Tuesday, November 13, 2012

#8 Howard Zinn

I think the most important thing we should know and remember about Howard Zinn is that he was a social activist, always speaking his mind whether people were going to like what he said or not.

Zinn was born in Brooklyn, NY to an immigrant working class Jewish family. His mother and father had come over before WWI broke out, they both worked in factories and weren't very educated. Despite this, they gave Zinn books as a child, and he ended up going to Thomas Jefferson High School and studying creative writing in a special program. After high school, Zinn wanted to fight fascism so he joined the Air Force for WWII. He became a bombardier, and was involved in the bombings of several places in Europe during the war.
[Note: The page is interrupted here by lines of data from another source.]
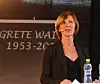 Daglige leder for Aktiv mot kteft:Helle Aanesen holdt en sterk tale om Gretes engasjement for organisasjonen. Hun fortalte at Grete holdt mange foredrag om trening for bedrifter og organisasjoner. Hun ga meg i oppdrag å forhandle om honoraret, og hele beløpet gikk til hjertebarnet, Aktiv mot kreft. Siste foredraget holdt hun bare en drøy uke før hun døde den 19. april.
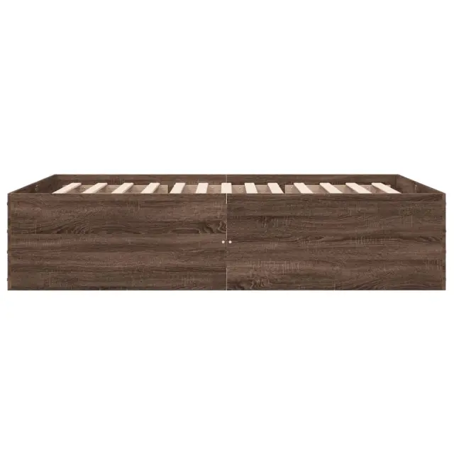 Zagotovite si boljši spanec s tem posteljnim okvirjem! Je prijeten dodatek za vsako spalnico. Vzdržljiv material: Inženirski les se ponaša z izjemno kakovostjo, gladko površino ter močjo, stabilnostjo in odpornostjo na vlago.Letvice za optimalno podporo: Okvir postelje je opremljen z letvicami, ki zagotavljajo osnovno podporo in zračnost vašega ležišča.Moderna zasnova: Svojim notranjim prostorom dodajte moderen stil! Moderen stil notranjih prostorov vključuje čiste linije, minimalističen videz in naravno svetlobo. Dobro je vedeti:Vzmetnica ni priložena tej postelji. Ponujamo različno izbiro ležišč. V naši trgovini si lahko ogledate ustrezne vzmetnice.Barva: Rjav hrastMaterial posteljnega okvirja: Inženirski lesMaterial letvic: Vezan lesCelotne dimenzije: 193 x 123 x 45 cm (D x Š x V)Velikost primerne vzmetnice: 120 x 190 cm (Š x D) (vzmetnica ni priložena)Potrebno sestavljanje: Da
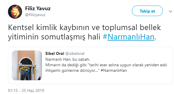 Tabelanın asıldığını yazar Sibel Oral twitter hesabından paylaştığı fotoğrafla duyurdu. Oral'ın paylaşımının ardından çok sayıda sosyal medya kullanıcısı #NarmanlıHan etiketini kullanarak tepkisini gösterdi.
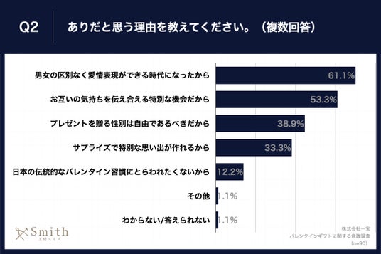 Q1で「非常にそう思う」「ややそう思う」と回答した方に、「Q2.ありだと思う理由を教えてください。(複数回答)」(n=90)と質問したところ、「男女の区別なく愛情表現ができる時代になったから」が61.1%、「お互いの気持ちを伝え合える特別な機会だから」が53.3%という回答となりました。
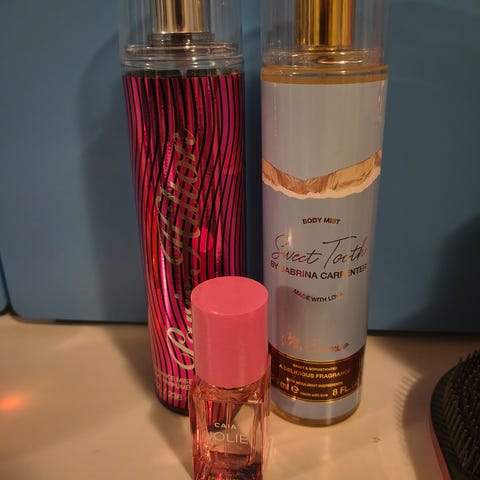 - Elizabeth Arden Green Tea Lychee Lime, godt over halve flasken igjen! Jeg liker denne duften veldig godt, den er ikke for sterk, behagelig og lukter akkurat det den heter: Grønn te og lychee.

He was also one of the first bombers to use napalm, which had devastating results. He eventually returned to some of the places he had bombed to interview the survivors about the horrors of war, and their recollections turned Zinn away from war. He found out that he was responsible for the killing of hundreds of civilians and retreating soldiers, right before the end of the war. The US government's recounts of these same events told a different story entirely.
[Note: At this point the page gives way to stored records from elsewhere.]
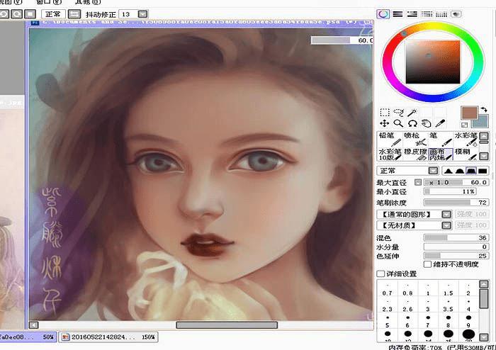 33、用水彩笔模糊头发,用画布丙烯大概铺出头发的走向。
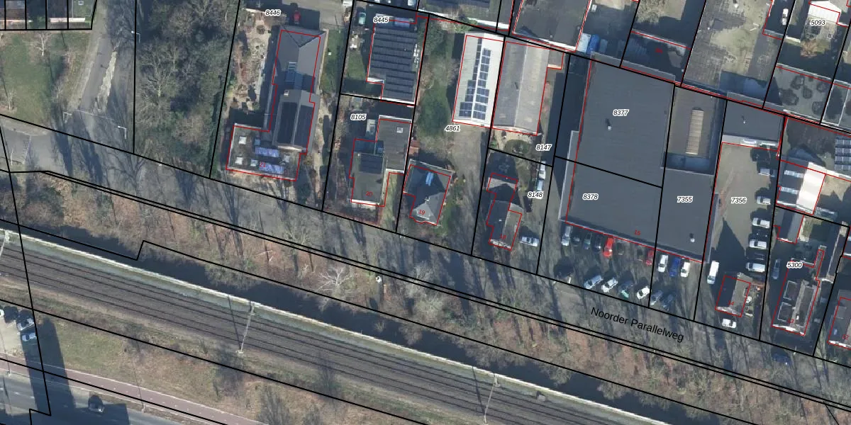 Noorder Parallelweg 19 is gelegen op kadastraal perceel EDE01D4861. Deze kadastrale aanduiding is uniek en wordt gebruikt door het Kadaster om eigendomsrechten en andere zakelijke rechten vast te leggen. Het perceel maakt onderdeel uit van de kadastrale gemeente Ede.
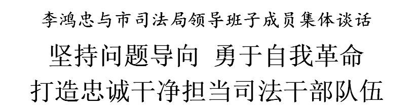 7日,市委书记、市政法队伍教育整顿领导小组组长李鸿忠到市司法局与班子成员面对面集体谈话。李鸿忠强调,要深入学习贯彻习近平总书记“七一”重要讲话精神和关于政法队伍教育整顿的重要指示精神,坚持问题导向,勇于自我革命,扎实推进教育整顿,打造忠诚干净担当的司法干部队伍。
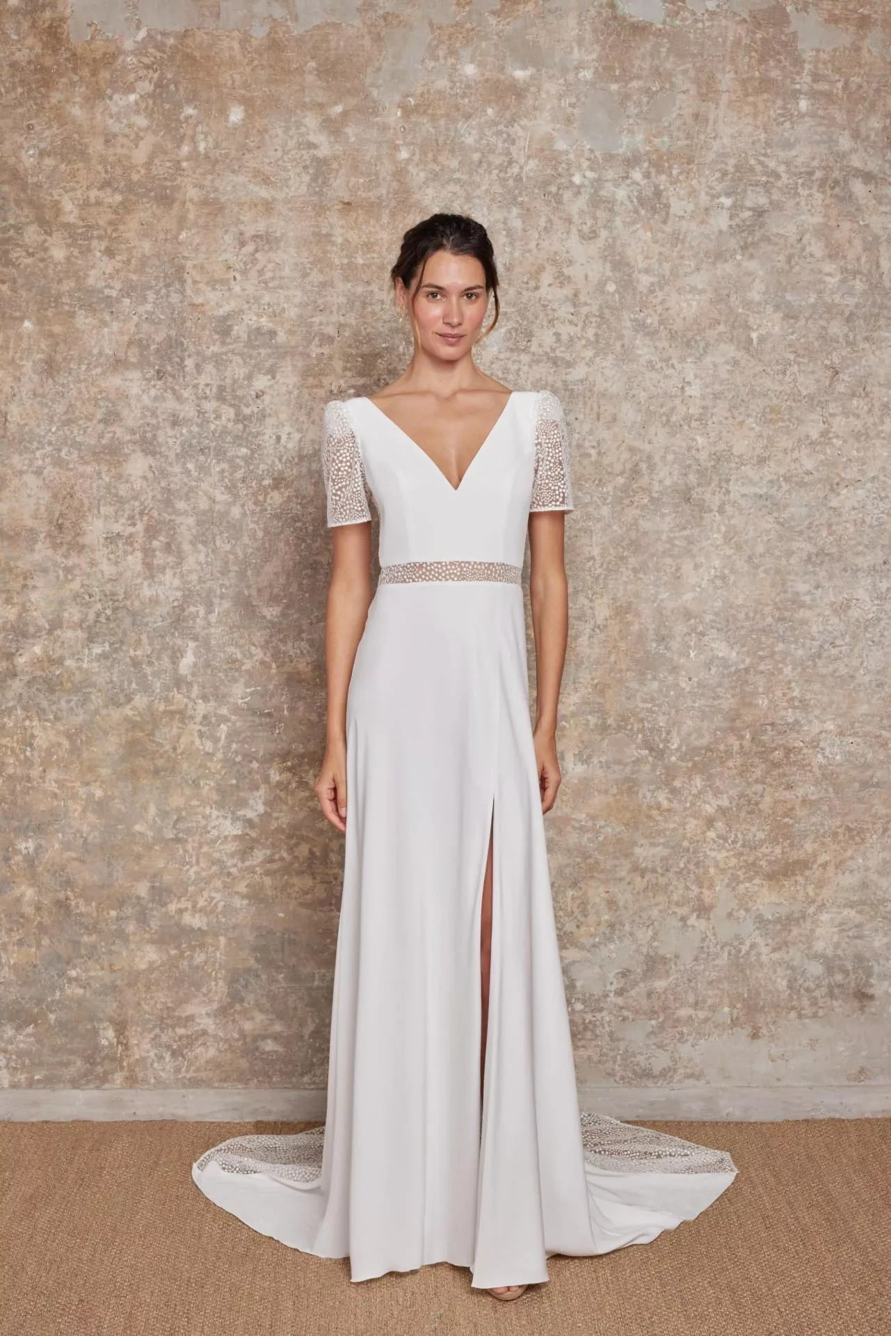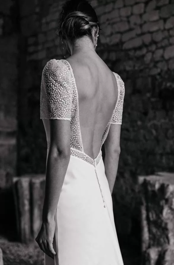 Robe fluide, moderne et sensuelle avec sa jupe fendue, son large décolleté dos et sa quille en tulle brodé en transparence.
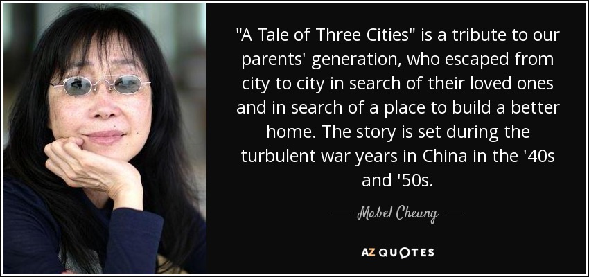 "A Tale of Three Cities" is a tribute to our parents' generation, who escaped from city to city in search of their loved ones and in search of a place to build a better home. The story is set during the turbulent war years in China in the '40s and '50s.
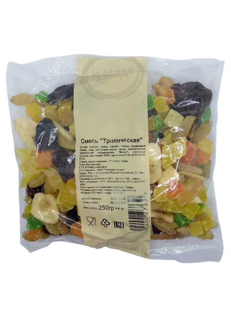 Состав: ананас, изюм, папайя, чипсы банановые ( банан, мед, кокосовое масло, сахар, ароматизатор идентичный натуральному "Банан", лимонная кислота, консервант Е220, красители Е110, Е124, Е102, Е133.
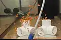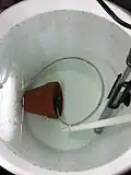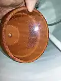 A newly laid clutch of about 250 eggs can be seen at the top of the inside of the clay pot. They are orange in color and capsule-shaped.

After the war, Zinn attended New York University and obtained his B.A. He went on to Columbia University and got his Master's and a PhD in History with a minor in political science. He became a professor at Spelman University and later at Boston University. He was an outspoken advocate of the Civil Rights movement. He believed that the United States was publishing textbooks that had very limited points of view, so he published his own which went on to be very influential. He mentored Alice Walker, who went on the write The Color Purple. He criticized the Kennedy administration and the FBI for not responding effectively to all the injustices occurring in Georgia.

He supported socialism, a radical idea to most at the time and even still today. He was quoted saying he would describe himself as "something of an anarchist, something of a socialist. Maybe a democratic socialist." The FBI pegged him as a Communist supporter because of his ideas concerning socialism.

He died in 2010, but his legacy will live on for all of history.